🤖 AI Summary
This work identifies a critical safety vulnerability in large language models (LLMs): their safety performance degrades significantly on code-mixed inputs—harmful output rates increase by 42% on average compared to monolingual English prompts. To address this, the study systematically distinguishes between universal and culture-specific unsafe queries for the first time and conducts cross-cultural comparative experiments using explainable AI techniques—including gradient-based attribution and attention visualization—to establish a multilingual safety evaluation framework. The core contribution is the identification of code-mixing–induced cultural sensitivity bias at the attention head level: empirical analysis reveals that shifts in internal attribution mechanisms—specifically, misaligned cultural reasoning in attention patterns—are the primary cause of safety failures. This work provides an interpretable, generalizable theoretical and empirical foundation for understanding LLM safety vulnerabilities in multilingual settings.
📝 Abstract
Recent advancements in LLMs have raised significant safety concerns, particularly when dealing with code-mixed inputs and outputs.

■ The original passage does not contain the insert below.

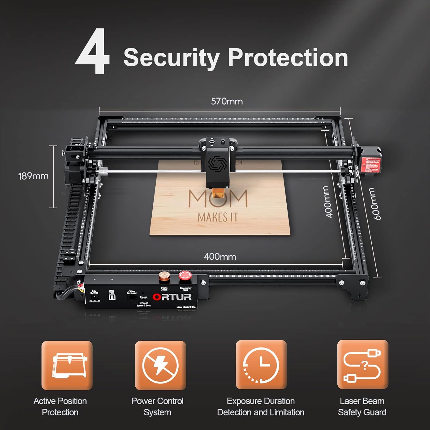 Laser Engraver with 5 Safety protections – ORTUR Laser Master 2 Pro S2 LU2-10A has 5 safety protections. 1. When the engraving machine is displaced or tilted, it will automatically stop the laser; 2. When the engraving machine or computer crashes, the laser will stop working immediately. 3. The engraving machine is turned on, but there is no movement for a long time, the laser will be turned off automatically. 4. Flame Detector + Buzzer Alarm 5. Emergency stop switch for an emergency.

Our study systematically investigates the increased susceptibility of LLMs to produce unsafe outputs from code-mixed prompts compared to monolingual English prompts. Utilizing explainability methods, we dissect the internal attribution shifts causing model's harmful behaviors. In addition, we explore cultural dimensions by distinguishing between universally unsafe and culturally-specific unsafe queries. This paper presents novel experimental insights, clarifying the mechanisms driving this phenomenon.